PROVIDED MATERIAL START

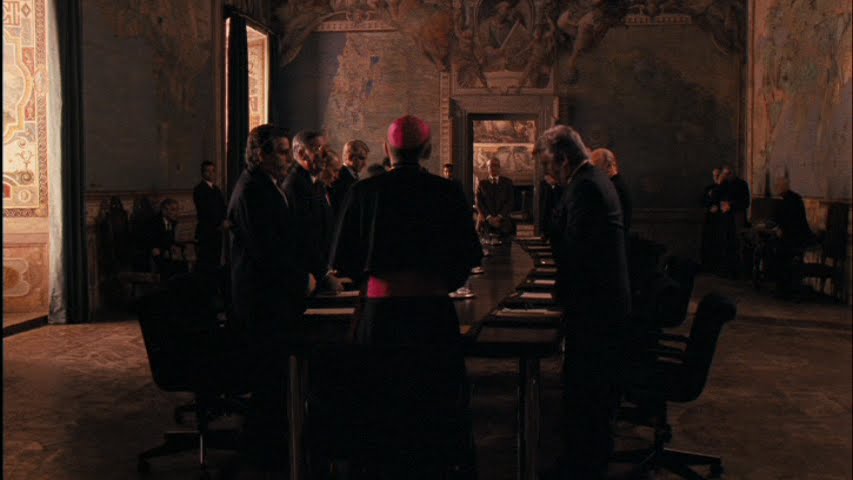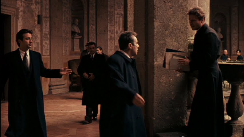 Mentre il sicario Mosca si prepara ad attentare alla vita di Michael sparandogli con un fucile di precisione, in Vaticano Lucchesi e l’Arcivescovo Gilday fanno avvelenare il té di Papa Lamberto che viene rinvenuto cadavere nel proprio letto. Vincent ha però mandato dei sicari a eliminare tutti i nemici dei Corleone: il banchiere Keinszig viene prima soffocato e poi impiccato a un ponte, lo stesso Gilday viene freddato da Al Neri, mentre l’ormai anziano mafioso Calò (antico sodale di Michael) uccide Lucchesi conficcandogli i suoi stessi occhiali nel collo dopo avergli sussurrato all’orecchio il celebre aforisma andreottiano sul “potere che logora chi non ce l’ha”.
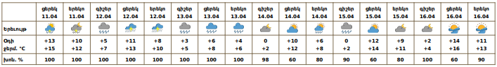Ապրիլի 11-ի ցերեկը, 12-13-ին ժամանակ առ ժամանակ սպասվում է անձրև, հնարավոր է նաև ամպրոպ։ Ապրիլի 14-ին,15-ի գիշերը հնարավոր է կարճատև անձրև։ Ապրիլի 15-ի ցերեկը, 16-ին սպասվում է առանց տեղումների եղանակ։
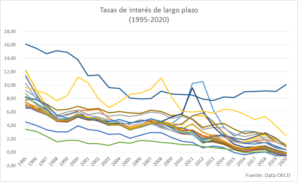 El experimento de la austeridad llevó a un nuevo consenso en el pensamiento económico cuyo principal ideólogo fue el economista Olivier Blanchard. Es importante resaltar que una de las principales responsabilidades de los bancos centrales como institución, es impulsar el crecimiento económico, manteniendo activo el consumo privado, lo que a su vez implica producción y generación de empleo. Sin embargo, cuando el consumo disminuye, se deben tomar medidas para estimular nuevamente. Una de estas medidas es la disminución de las tasas de interés ya que de esta manera se hace menos atractivo ahorrar y más barato endeudarse. Lo que Blanchard observó es que, a pesar de crisis y convulsiones, las tasas de interés de la deuda habían estado cayendo sostenidamente desde hace más de 25 años, haciendo que pedir prestado fuese cada vez más barato para los países.
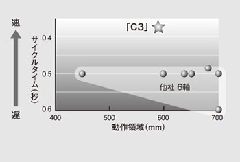 それまで、速度の遅い6軸は、速度の速いスカラと生産ラインで共存しにくいとされてきましたが、C3ではその常識を打ち破ることができたのです。
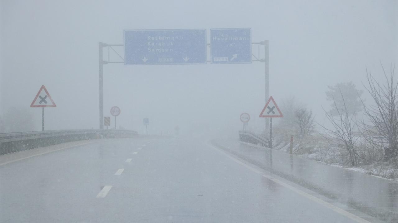 Kastamonu'nun Ilgaz Dağı kesiminde sabah saatlerinde başlayan kar yağışı etkisini sürdürüyor.
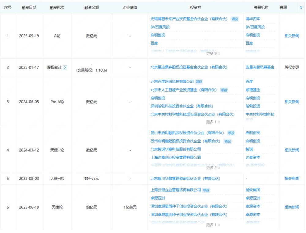 企查查信息显示,在刚刚宣布的此次融资后,生数科技已累计完成6次融资和1次股权转让,华为、蚂蚁、百度、智谱等企业均曾投资生数科技。
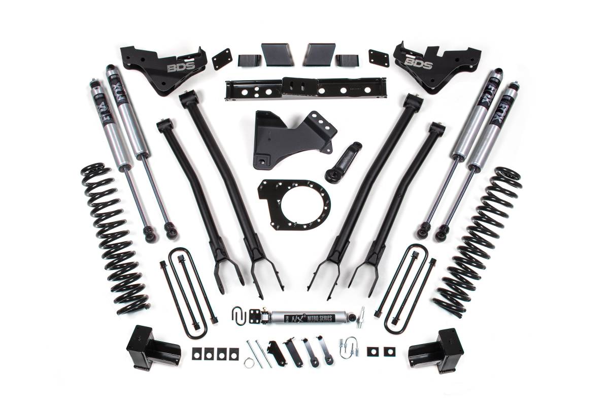 This 7-inch 4-Link lift kit from BDS Suspension is engineered for 2023–2026 Ford F-250/F-350 Super Duty diesel trucks. The kit provides clearance for tires up to 38 inches and includes all components necessary for a complete installation. Up front, the kit features diesel-specific Pro-Ride coil springs, a 4-Link control arm conversion, a forged drop pitman arm and track bar bracket for steering correction, sway bar relocation, brake line brackets, and custom-tuned nitrogen charged shocks. A transfer case indexing ring with ARP studs and a high-clearance transmission crossmember are included to allow use of the factory front driveshaft at this lift height. The rear of the kit is available with either a high-strength fabricated lift block or replacement leaf springs, along with longer u-bolts, brake line brackets, and a matched set of shocks.
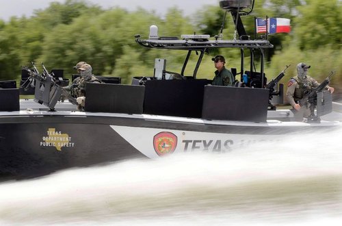 Armed Texas Border Patrol Boat Patrolling The Rio Grander
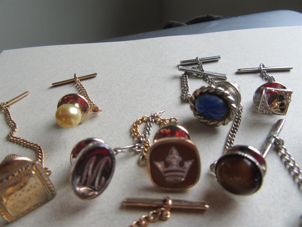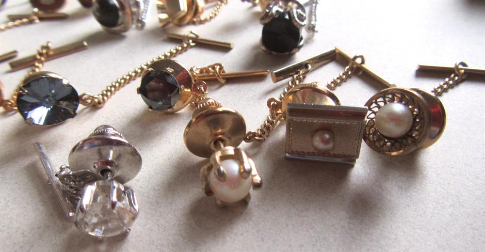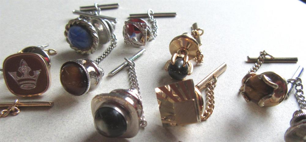 Vintage tie tacs lot. Great variety. Some genuine stones.
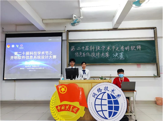 本网讯 网络技术系于4月12日15:00在腾讯会议平台举行广州软件学院第二十届科技学术节之齐明软件信息系统设计大赛决赛。出席决赛的评委及嘉宾有广州市齐明软件科技有限公司市场部陶倩楠经理,网络技术系李毓丽副主任,网络技术系主任助理叶小艳副教授,网络技术系王健副教授,网络技术系徐文超老师、耿晓利老师,网络技术系团委副书记兼学生会秘书长邝晓彤老师。

PROVIDED MATERIAL END

(TASK DETAILS):
Your copy should match the data above exactly, apart from the pictures.

(SOLUTION TO THE PROBLEM):
 Mentre il sicario Mosca si prepara ad attentare alla vita di Michael sparandogli con un fucile di precisione, in Vaticano Lucchesi e l’Arcivescovo Gilday fanno avvelenare il té di Papa Lamberto che viene rinvenuto cadavere nel proprio letto. Vincent ha però mandato dei sicari a eliminare tutti i nemici dei Corleone: il banchiere Keinszig viene prima soffocato e poi impiccato a un ponte, lo stesso Gilday viene freddato da Al Neri, mentre l’ormai anziano mafioso Calò (antico sodale di Michael) uccide Lucchesi conficcandogli i suoi stessi occhiali nel collo dopo avergli sussurrato all’orecchio il celebre aforisma andreottiano sul “potere che logora chi non ce l’ha”.
Ապրիլի 11-ի ցերեկը, 12-13-ին ժամանակ առ ժամանակ սպասվում է անձրև, հնարավոր է նաև ամպրոպ։ Ապրիլի 14-ին,15-ի գիշերը հնարավոր է կարճատև անձրև։ Ապրիլի 15-ի ցերեկը, 16-ին սպասվում է առանց տեղումների եղանակ։
 El experimento de la austeridad llevó a un nuevo consenso en el pensamiento económico cuyo principal ideólogo fue el economista Olivier Blanchard. Es importante resaltar que una de las principales responsabilidades de los bancos centrales como institución, es impulsar el crecimiento económico, manteniendo activo el consumo privado, lo que a su vez implica producción y generación de empleo. Sin embargo, cuando el consumo disminuye, se deben tomar medidas para estimular nuevamente. Una de estas medidas es la disminución de las tasas de interés ya que de esta manera se hace menos atractivo ahorrar y más barato endeudarse. Lo que Blanchard observó es que, a pesar de crisis y convulsiones, las tasas de interés de la deuda habían estado cayendo sostenidamente desde hace más de 25 años, haciendo que pedir prestado fuese cada vez más barato para los países.
 それまで、速度の遅い6軸は、速度の速いスカラと生産ラインで共存しにくいとされてきましたが、C3ではその常識を打ち破ることができたのです。
 Kastamonu'nun Ilgaz Dağı kesiminde sabah saatlerinde başlayan kar yağışı etkisini sürdürüyor.
 企查查信息显示,在刚刚宣布的此次融资后,生数科技已累计完成6次融资和1次股权转让,华为、蚂蚁、百度、智谱等企业均曾投资生数科技。
 This 7-inch 4-Link lift kit from BDS Suspension is engineered for 2023–2026 Ford F-250/F-350 Super Duty diesel trucks. The kit provides clearance for tires up to 38 inches and includes all components necessary for a complete installation. Up front, the kit features diesel-specific Pro-Ride coil springs, a 4-Link control arm conversion, a forged drop pitman arm and track bar bracket for steering correction, sway bar relocation, brake line brackets, and custom-tuned nitrogen charged shocks. A transfer case indexing ring with ARP studs and a high-clearance transmission crossmember are included to allow use of the factory front driveshaft at this lift height. The rear of the kit is available with either a high-strength fabricated lift block or replacement leaf springs, along with longer u-bolts, brake line brackets, and a matched set of shocks.
 Armed Texas Border Patrol Boat Patrolling The Rio Grander
 Vintage tie tacs lot. Great variety. Some genuine stones.
 本网讯 网络技术系于4月12日15:00在腾讯会议平台举行广州软件学院第二十届科技学术节之齐明软件信息系统设计大赛决赛。出席决赛的评委及嘉宾有广州市齐明软件科技有限公司市场部陶倩楠经理,网络技术系李毓丽副主任,网络技术系主任助理叶小艳副教授,网络技术系王健副教授,网络技术系徐文超老师、耿晓利老师,网络技术系团委副书记兼学生会秘书长邝晓彤老师。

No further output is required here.